Sequencing analysis results

The coding region of the bovine SILV gene was sequenced to detect polymorphisms, using as a reference the published mRNA sequence [GenBank: EF065525]. In addition to the SILV c.64A>G mutation in exon 1, a previously unreported substitution in exon 2 was identified that affects the second residue of codon 36 (c.107G>T), causing an amino acid change from serine to leucine. A T>C substitution in intron 2 (c.187+56T>C) was also identified. The other polymorphisms observed have been previously reported: (i) a silent mutation in exon 6 affecting the third residue of the codon 374 (c.1122C>A) [18]; (ii) a non-synonymous mutation in exon 11 affecting the second nucleotide of codon 612 (c.1835C>A) [GenBank EF363685], leading to an alanine for glutamic acid substitution. Apart from the c.64A>G mutation, none of these allelic variants were associated with the dilution phenotype of the 16 individuals analyzed.

Discussion

The variation observed in the coat colour of the F2 and Backcross individuals of this Charolais × Holstein population provides an opportunity to investigate effects and the mode of inheritance of the Charolais dilution locus. Based on the phenotypic data (Table 1), it is clear that the Dc and the Extension loci are mainly responsible for the variation in coat colour observed. As multiple alleles at the Extension (MC1R) locus were segregating in this population, the effect of the Dc locus on both types of backgrounds was confirmed by the observation of a complete or partial dilution affecting individuals with ED-, E+e or ee MC1R genotype. The pale colour observed in individuals with E+e MC1R genotype demonstrates the dilution of pigments produced by both Agouti-responsive (E+-) and non-responsive (ee) melanocytes. This consistency of the effect across MC1R genotypes was also supported by the results of the genome scan, in which the same region on chromosome 5 showed linkage with the three dilution-related traits analyzed. In addition, the additive effects estimated for Quantitative-Black and Quantitative-Red had similar size. The dominance effect was very small relative to the additive effect; therefore a single copy of the Dc allele originating from the Charolais is sufficient to dilute either eumelanin or phaeomelanin. Heterozygous individuals, Dc/dc+, are generally of intermediate phenotype (light-grey or light-red) and two copies of the Dc allele are required to produce a complete dilution of the original pigment (white phenotype). These results are consistent with the inheritance of the Charolais dilution locus described in the literature [17]. The data also support the assumption of alternative fixed alleles at the Dc locus in the founder lines, on which the regression analysis was based. Therefore, the power of detection of this locus was maximised, which is reflected in the high significance of the associations identified on chromosome 5.
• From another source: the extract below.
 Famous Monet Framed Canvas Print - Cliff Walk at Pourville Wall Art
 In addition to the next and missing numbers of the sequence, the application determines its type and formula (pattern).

The location of the major gene associated with the Quantitative-Dilution, Quantitative-Black and Quantitative-Red traits is coincident with the position reported in a linkage study of eumelanin dilution (black pigment) in a Holstein × Charolais F2 population [18]. In the region of bovine chromosome 5 flanked by markers ETH10 and DIK5248, there are several metabolic candidate genes directly related to pigmentation pathways (ErbB3, SILV), and members of gene families where at least one member is suggested to have an effect on pigmentation (BLOC1S1, RAB5b, DCTN2 and MYO1A). Among these, the SILV gene is the only one with an established function in the melanocyte and therefore is the strongest candidate. This gene is between 56.407 and 56.415 Mb in the latest version of the bovine genome sequence assembly (Build 3.1) [21], according to which, ETH10 is located at 55.333 Mb [21]. It codes for a pre-melanosomal matrix protein (PMEL17) necessary for the formation of the fibril matrix upon which melanin intermediates are deposited late in melanosome maturation [14]. Mutations in the SILV gene are known to cause diluted phenotypes in mice [22], horse [23] and dog [24], although in these species the effect is to block the production of eumelanin without effects on phaeomelanin. In chicken, allelic variations in this gene also block the production of black pigment in the plumage leading to the Smoky, Dun, and Dominant white colour variants [25].
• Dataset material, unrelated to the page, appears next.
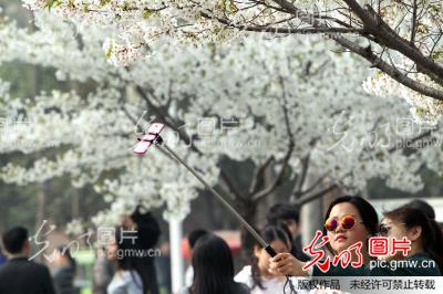 2016年3月19日,河南许昌,几名大学生在bet36体育在线樱花树下拍照留念。

In cattle, a Charolais-specific allele has previously been reported in exon 1 of the bovine SILV gene [19]. This mutation is a G>A substitution that results in a change from glycine to arginine within the N-terminal signal sequence of the PMEL17 protein. Among thirteen breeds tested, the A allele was only identified in pure-breed Charolais individuals or Charolais crosses [19]. This mutation was genotyped across the individuals of the resource population scored for coat colour (F2, CB1 and HB1). The observed distribution of genotypes within the three genetic background groups supports the hypothesis of fixation of alleles in the founder lines, with the A allele only present in Charolais founders. To test the association between the SILV c.64A>G genotypes and the diluted phenotype, the genotype of this mutation was included as a fixed effect in the regression model fitted to the Quantitative-Dilution, Quantitative-Black and Quantitative-Red traits. For all traits, inclusion of this variant resulted in the disappearance of the highly significant linkage associations, suggesting that the Dc locus is either due to or in strong linkage disequilibrium with the SILV c.64A>G mutation.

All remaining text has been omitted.